ARA — Agent Ready Armor
Ready Armor Suite · Battle Ready Armor (BRA) · Agent Ready Armor (ARA)
Follows the same Control in Depth philosophy.
Containment for what agents do. Provenance for what they produce.
A runtime substrate for AI agents. ARA sits between an agent and the world it operates in. It governs what the agent is permitted to do, narrows that surface for each task, and makes the agent's work auditable end to end. Operators stay in control without standing over the agent's shoulder.
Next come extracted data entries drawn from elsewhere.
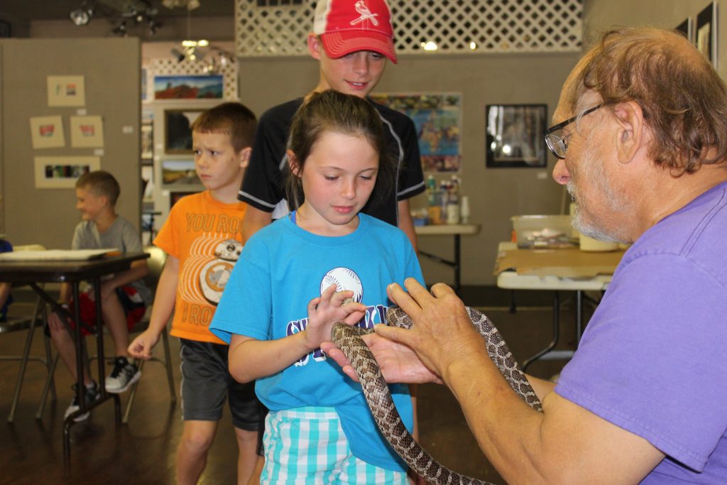 The first class on snakes was Tuesday and Wednesday and Mitch Sommers, a volunteer for the Sternberg Museum, introduced the children to Buddy, a prairie rat snake.
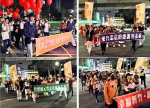 今晚這場元宵情人節走街巡禮活動,在竹市警二分局副分局長坐鎮指揮下,二分局員警協同義交維持交通秩序及安全,整個走街活動圓滿順利,主辦單位也特別致謝竹市警察局員警同仁提供安全的走街環境,以及新竹市環保局清潔隊提供環境衛生服務。忠信師生也將組織「淨街V工隊」共同維護環境整潔。生服務。忠信師生也將組織「淨街V工隊」共同維護環境整潔。
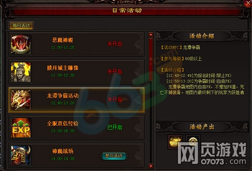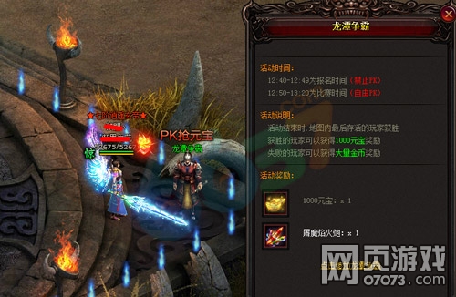 龙潭争霸比赛时间开始后,勇士之间就可以进行战斗PK,而且还是大乱斗。活动结束之后,只有龙潭争霸地图还站着(存活)人就是胜者,然而胜利的勇士就会得到1000元宝的奖励,看清楚了这是元宝而不是绑定元宝。失败的勇士也不要亏心,还有能够获得大量金币的招财进宝的安慰奖,希望你们下次再接再励,毕竟龙潭争霸活动每天都会进行。

Built for the demands of professional offensive security work — where the consequences of an unconstrained or unverifiable agent are immediate and external — and applicable, by design, to any agentic deployment that needs the same guarantees.
The two axes
Agents fail in two distinct ways. ARA defends each on its own track — neither is bolted on to a model, a prompt, or a wrapper script.
| What the agent does | What the agent claims | |
|---|---|---|
| The risk | Unauthorized action against systems, data, identity, or third parties | Output that looks correct but isn't grounded in real evidence |
| The control | Containment of capability | Provenance for every claim |
| The promise | The agent only does what policy allows | Every claim ties back to verifiable source |
The three-tier model
Most policy systems for agents conflate three different things: identity, engagement context, and the procedure being executed. ARA keeps them separate and composes them.
Armor
Who the agent is.
The operator's posture. What the agent will never do, regardless of task. Persists across every engagement.
Trim
Where, when, against whom.
The engagement overlay. Generated from intake metadata, applied live, expires with the engagement.
Weapon
What this run is doing.
The procedure. Forged once from source materials, sealed, replayable. Citations end-to-end — no fabrication, by construction.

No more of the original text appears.